Witam wszystkich, bo piszę tu po raz pierwszy :)
Mam pytanie do zorientowanych osób - czy uogólnione fascykulacje (chyba tak to się nazywa) są same w sobie wskazaniem do wizyty u lekarza? Mam na myśli takie mimowolne, krótkotrwałe drżenia rozmaitych mięśni lub ich fragmentów.
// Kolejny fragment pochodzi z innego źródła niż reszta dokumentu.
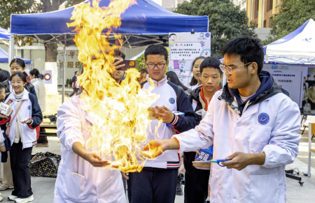 “科普集市游园探索之旅”活动正式开启。一系列集视觉冲击力与知识性于一体的特色科学实验轮番上演。在趣味拔河挑战中,学生们在力量与技巧的对决中感受乐趣,了解空气负压与摩擦力的科学知识;“火焰掌”互动体验区里,众人目睹火焰在掌心舞动的奇迹,在震撼的视觉冲击中直观领略到洗洁精水包裹丁烷气点燃、水吸热保护手部的独特原理;液氮遇热水瞬间,在气压推力下直冲云霄,让师生们直观感受气体膨胀的科学原理。师生乐于科学探索的种子在红枫漫染的校园里生根发芽,更让这场融合了趣味与干货的科普之旅成为红枫文化节中一道兼具知识与实践的风景。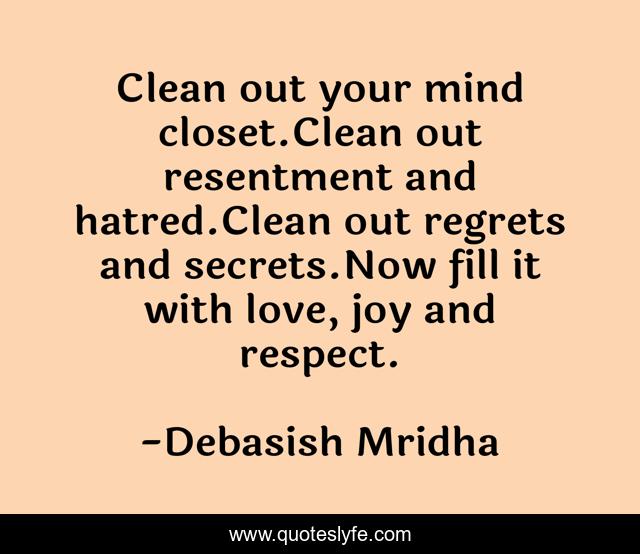 This page presents the quote "Clean out your mind closet.Clean out resentment and hatred.Clean out regrets and secrets.Now fill it with love, joy and respect.". Author of this quote is Debasish Mridha. This quote is about life, love, knowledge, inspirational, intelligence, philosophy, wisdom, quotes, affection,.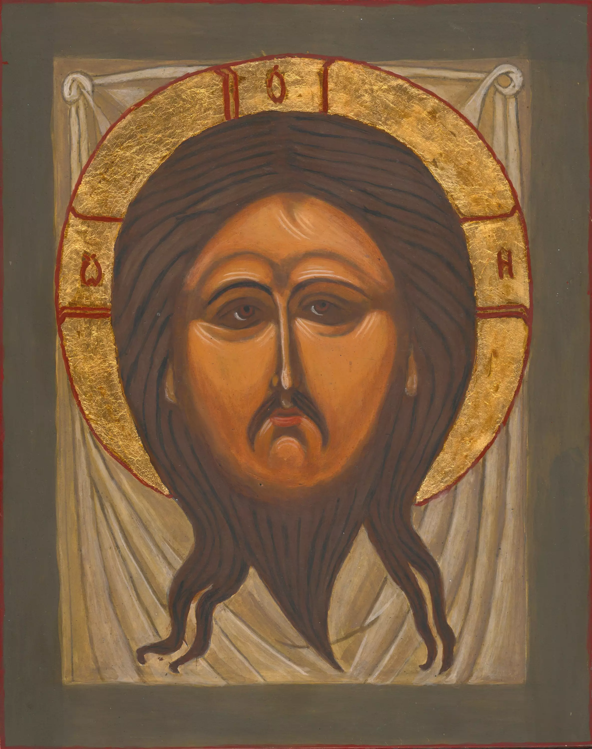 Kristus käsittätehty. Muistopäivä 16. päivänä elokuuta. Mitat 24x30x3cm. Ikonissa esiintyy Kristuksen kasvot liinaan kuvattuna.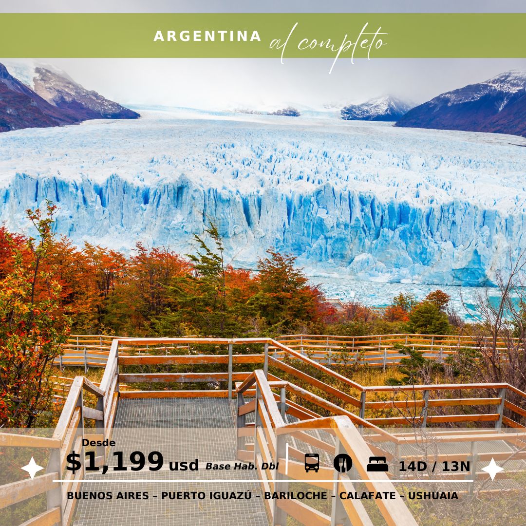 Desayuno. Partiremos en traslado desde su alojamiento hasta el Parque Nacional de los Glaciares, disfrutando durante el camino de los paisajes típicos de la estepa patagónica. Al ingresar al parque, realizaremos paradas en miradores estratégicos para apreciar vistas panorámicas del majestuoso glaciar. Durante todo el recorrido nos acompañará un guía habilitado por el Parque Nacional, quien compartirá información sobre el entorno natural, la historia y el encanto único de este impresionante monumento de hielo, dispondremos de tiempo libre para recorrer los circuitos y senderos del Glaciar Perito Moreno. Sus constantes desprendimientos y el estruendo de los bloques de hielo cayendo al agua crean un espectáculo natural incomparable. Regreso al hotel y Alojamiento.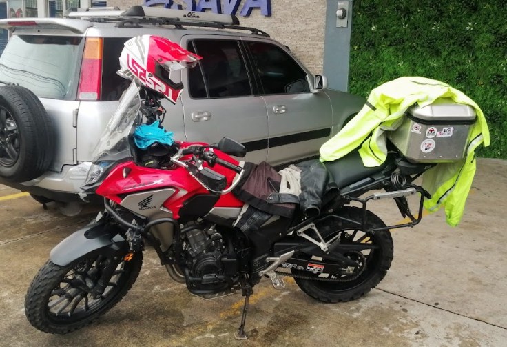 We had several sponsors. I give my heart-felt thanks to Honda CB500 F/R/X Costa Rica, Honda Motos Costa Rica, REPSOL, SW-MOTECH Costa Rica, Motomundo, MotoPartes, Graficart, Proyecto Musical Mario Quirós, Motogram por las hermosas fotos, Moto Sport Tire, y Hotel El Tirol.)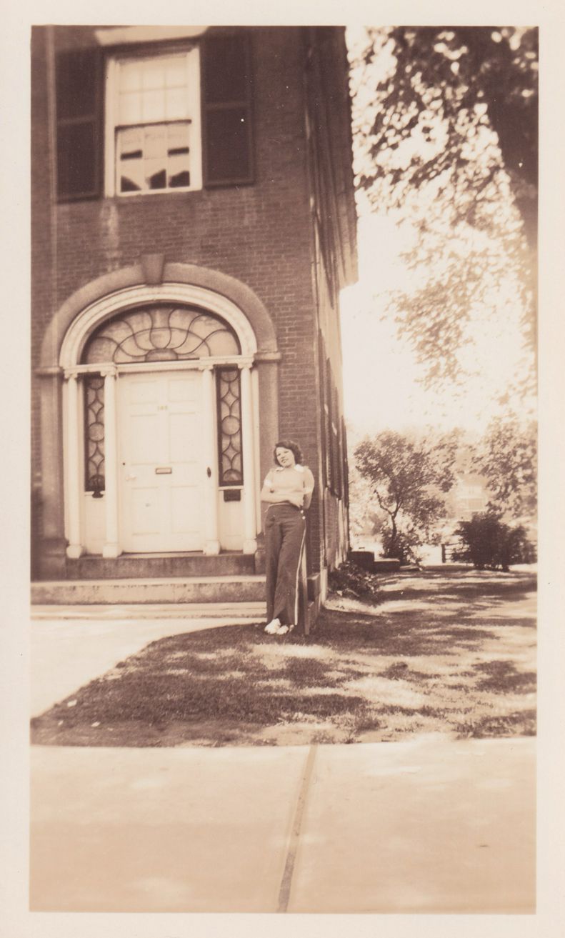 Black-and-White photograph of a woman leaning against the corner of a brick building. The building has a large door with arched leaded glass windows. Was in an envelope marked, "Hoffman, Monday Jul 12 1937." Photograph was developed by Kollecker's Kodak and Gift Shop. Negative is 2024.2.36.18.

Mam coś takiego od bardzo dawna, w najróżniejszych miejscach ciała, począwszy od obu łydek, ud, rąk aż po plecy czy nawet szyję (oczywiście z różnym natężeniem - czasami są częstsze, czasami rzadsze), nigdy mi to nie przeszkadzało i nie przypuszczałem, że to może być objaw chorób i to nawet bardzo, bardzo poważnych... Dlatego nigdy nie mówiłem o tym lekarzom - i to pomimo faktu, że jestem osobą nerwicową i "przerabiałem" juz u siebie "poszukiwania" różnych chorób... :/
Dodam tylko, że poza fascykulacjami nic mi chyba nie dolega; jedyne co jeszcze zauważylem to od pewnego czasu to, że od czasu do czasu trochę drży mi lewa ręka (głównie kciuk), zwłaszcza pod wpływem wysiłku itp. Z tym że tego chyba w odległej przeszłości nie było, natomiast te fascykulacje mam naprawdę od lat.